◆ RECORDS TO PROCESS
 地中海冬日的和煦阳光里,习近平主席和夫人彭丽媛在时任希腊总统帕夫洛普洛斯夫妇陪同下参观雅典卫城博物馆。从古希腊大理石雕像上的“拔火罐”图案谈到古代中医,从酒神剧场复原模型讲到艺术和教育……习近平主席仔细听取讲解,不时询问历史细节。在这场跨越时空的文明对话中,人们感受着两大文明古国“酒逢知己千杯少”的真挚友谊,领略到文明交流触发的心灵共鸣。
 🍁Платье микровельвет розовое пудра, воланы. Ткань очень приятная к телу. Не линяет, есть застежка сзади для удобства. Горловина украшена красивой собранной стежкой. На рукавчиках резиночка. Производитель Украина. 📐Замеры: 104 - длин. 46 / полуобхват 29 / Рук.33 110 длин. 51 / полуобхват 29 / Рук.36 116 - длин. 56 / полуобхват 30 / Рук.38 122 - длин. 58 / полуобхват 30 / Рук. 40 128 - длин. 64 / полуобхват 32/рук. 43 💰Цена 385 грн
==
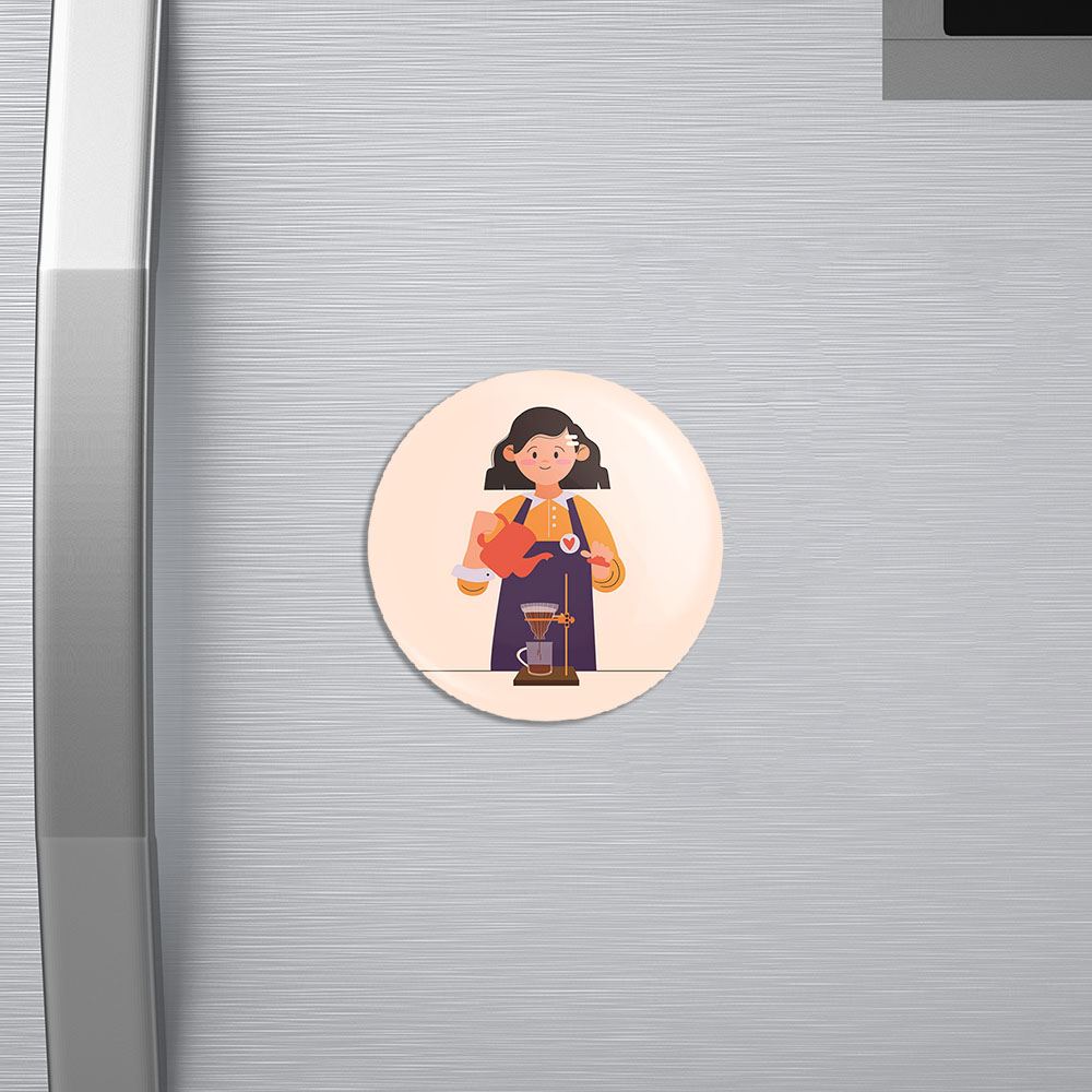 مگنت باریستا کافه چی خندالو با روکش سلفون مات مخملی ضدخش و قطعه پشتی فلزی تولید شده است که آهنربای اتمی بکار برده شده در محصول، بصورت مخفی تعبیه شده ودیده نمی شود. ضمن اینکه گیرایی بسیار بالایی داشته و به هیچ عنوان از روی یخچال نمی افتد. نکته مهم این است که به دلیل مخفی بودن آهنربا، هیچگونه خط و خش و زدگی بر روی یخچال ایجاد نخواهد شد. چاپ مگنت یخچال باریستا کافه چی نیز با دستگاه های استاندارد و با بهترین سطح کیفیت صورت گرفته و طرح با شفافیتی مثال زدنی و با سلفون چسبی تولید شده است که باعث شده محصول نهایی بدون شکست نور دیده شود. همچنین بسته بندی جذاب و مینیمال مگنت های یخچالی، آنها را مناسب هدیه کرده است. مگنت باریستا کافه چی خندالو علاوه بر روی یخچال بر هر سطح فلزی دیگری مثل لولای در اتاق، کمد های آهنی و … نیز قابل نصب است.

◆ ASSIGNMENT
Among the entries above, copy exactly only the lines starting with the one containing "地中海冬日的和煦阳光里,习近" and going through the one containing "43 💰Цена 385 грн", both ends included.

◆ RESULT OF THIS TASK
 地中海冬日的和煦阳光里,习近平主席和夫人彭丽媛在时任希腊总统帕夫洛普洛斯夫妇陪同下参观雅典卫城博物馆。从古希腊大理石雕像上的“拔火罐”图案谈到古代中医,从酒神剧场复原模型讲到艺术和教育……习近平主席仔细听取讲解,不时询问历史细节。在这场跨越时空的文明对话中,人们感受着两大文明古国“酒逢知己千杯少”的真挚友谊,领略到文明交流触发的心灵共鸣。
 🍁Платье микровельвет розовое пудра, воланы. Ткань очень приятная к телу. Не линяет, есть застежка сзади для удобства. Горловина украшена красивой собранной стежкой. На рукавчиках резиночка. Производитель Украина. 📐Замеры: 104 - длин. 46 / полуобхват 29 / Рук.33 110 длин. 51 / полуобхват 29 / Рук.36 116 - длин. 56 / полуобхват 30 / Рук.38 122 - длин. 58 / полуобхват 30 / Рук. 40 128 - длин. 64 / полуобхват 32/рук. 43 💰Цена 385 грн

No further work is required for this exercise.